Patel sighed, crestfallen. "There's no way to eject anything from these pods." Years ago, STAR Alliance training had included twenty-four hours in an escape pod with seven other people. It had been a cramped, miserable experience and Patel was happy to hear that it was finally discontinued.

"The pods store CO2 in the filter. There's a waste containment tank for urine and feces. The food bar wrappers don't generate that much trash. There's not even an airlock. Until we're rescued, the pod is a sealed environment."

"I thought these pods could survive atmospheric reentry," Jones frowned. "So even if we landed back on Earth we'd have to wait for someone to come along with a can opener?"

"No... no, if I remember correctly, when the pod is ejected, the hatch is mechanically locked so it can't be accidentally opened from the inside. But if the parachutes are deployed, the lock is retracted allowing the survivors to exit."

A smile spread across Jones face. "So there are parachutes out there?"

"We could deploy the parachutes and see the beacon strobe reflect off of them." Patel concluded. "But wait... Are we sure we want to do that? What if... what if there is no strobe?"

"We need facts, ma'am.

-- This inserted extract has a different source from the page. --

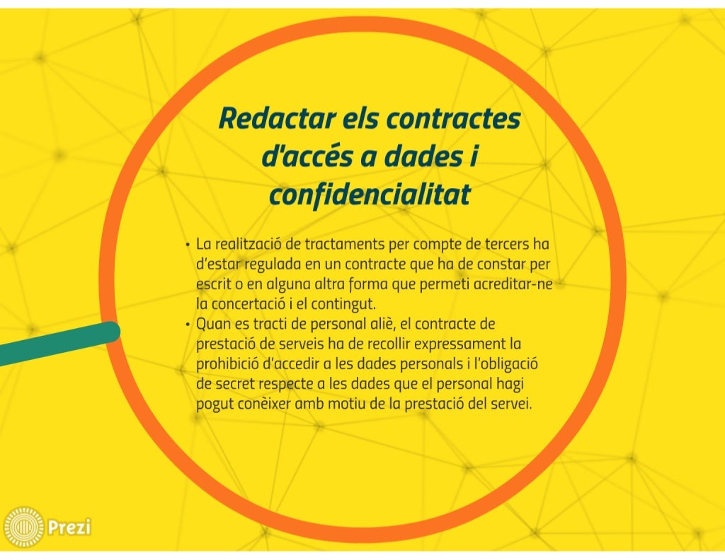 L'AEPD ha publicat unes directrius per a la redacció d'aquest tipus de contractes (consulta la secció de. 'Materials en línia') Delegat/da de protecció de dades: és una figura que l'RGPD estableix com a obligatòria en el cas d'administracions públiques o d'organitzacions l'activitat principal de les quals impliquin el.
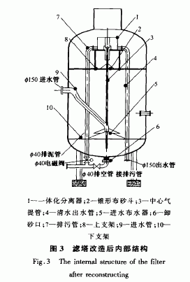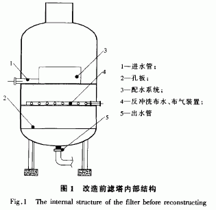 污水站采用的過(guò)濾裝置為普通平流濾塔(高4 m,直徑2.3 In),改造前濾塔內(nèi)部結(jié)構(gòu)見(jiàn)圖1。該濾塔采用雙層濾料,上層為石英砂,下層為水淬渣,反沖洗方式采用大阻力配水系統(tǒng)氣水聯(lián)合反沖洗。平流濾塔存在的問(wèn)題:①反沖洗采用大阻力配水系統(tǒng),每天反沖洗15n1in,消耗大量水資源和電能;② 在傳統(tǒng)的常壓反沖洗系統(tǒng)中,存在著反沖洗不徹底、濾料需要定期更換的問(wèn)題。

Not wishful thinking."

"...You know, you're a bit of a smart ass, Jones."

"It's, um... been pointed out before, ma'am."

"Mm-hm... Ok, let's do it."

Patel entered the sequence into the computer. Trigger the parachute release, followed by a thruster burn to rotate the pod one hundred degrees in order to bring the fabric into their field of view, then another burn to bring the pod back to its original orientation and prevent the parachutes from tangling around it, and a final burn to halt the rotation.